Vietnam Investment Law 2025: A Smoother Entry, Clearer Compliance

  For foreign investors who have been following Vietnam’s development and considering Vietnam as one of the choices for their investment decision, they usually ask one practical question before entering, especially from the year 2026, that if the Vietnam investment Law 2025 makes this easier, or more complicated for investing and doing business here. 

The Vietnamese lawyers’ answer is as ironic and interestingly the same: both.

Let us explain why.

The Vietnam investment Law 2025, effective in 2026, aims to make the entry path more workable, but it also makes the compliance more strict and less forgiving.

For our positive thinking mindset, that is good news if your scope of business is clear, and your setup is realistic.

It will be challenging if you start with vague activities, minimal capital, and a fix later mindset plan.



Quick Reference of Vietnam Investment Law 2025

  • The Vietnam investment Law 2025 takes effect March 1, 2026 and the conditional business list will be narrowed from July 1, 2026.
  • Legal entry can be easier, but you need to early check if the investment areas belong to the list of prohibited, conditional, or non-conditional area lists.
  • In practice, starting with low capital often collide with Vietnam’s expectations of a quality FDI project, especially if investor residence planning matters.
  • The investment amount of USD 120k (VND 3 billion) remains a key practical threshold with DT3 visa and is eligible for Temporary Residence Card (TRC) validity up to 3 years. 

When Does Vietnam Investment Law 2025 Apply?

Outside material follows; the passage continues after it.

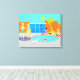 Come on in! The water is fine! This Retro Pool Party Stretched Canvas Print features a vibrant, cartoon drawing of a fun and sophisticated pool party. The mid century modern design centres around a round swimming pool on a large, grey, concrete patio. The pool is filled with turquoise water. Orange brickwork surrounds the pool and there is a white, plank diving board all ready for an adventurous soul. A red and white beach ball is floating in the water. On the opposite side of the pool, two party-goers are dangling their feet in the water, while resting on red and white striped beach towels. The woman with black hair is wearing a pink, one-piece swimsuit. Beside her is a tropical drink in a coconut with a little umbrella and a green straw. The blonde man is wearing bright, green trunks. He is kicked backed with his hands behind his head. To the left of the pool, is a distinguished man with white hair and jade swim trunks holding a drink in a coconut shell. We know he's distinguished because he's a man with white hair! He is talking to a woman with blonde hair and an hourglass figure wearing a turquoise swimsuit. Slung across her arm is a yellow beach towel> Behind this scene is the green silhouette of a palm tree and a futuristic, orange, brick house. Through the large, floor to ceiling, blue glass windows, you can see the silhouette of a television, chair, ottoman, and starburst clock. The sky behind the house is a cloudless turquoise with a round, yellow sun.

  •       From March 1, 2026, the Vietnam investment Law 2025 generally takes effect and becomes the main baseline for investment related procedures and compliance expectations.
  •       From July 1, 2026, the regulation on list of conditional business lines take effect.

This matters because many foreign investors enter Vietnam in phases. They may start with steps to set up a legal entity, rent an office, hire a small team, and begin testing the market, then expand once the business model proves itself.

With the above timeline of regulation coming into effect, it means you can set up early in the year and use that period to validate your scope to answer questions if you are truly operating in an unconditional business area and are you clear on market access rules for foreign investors.   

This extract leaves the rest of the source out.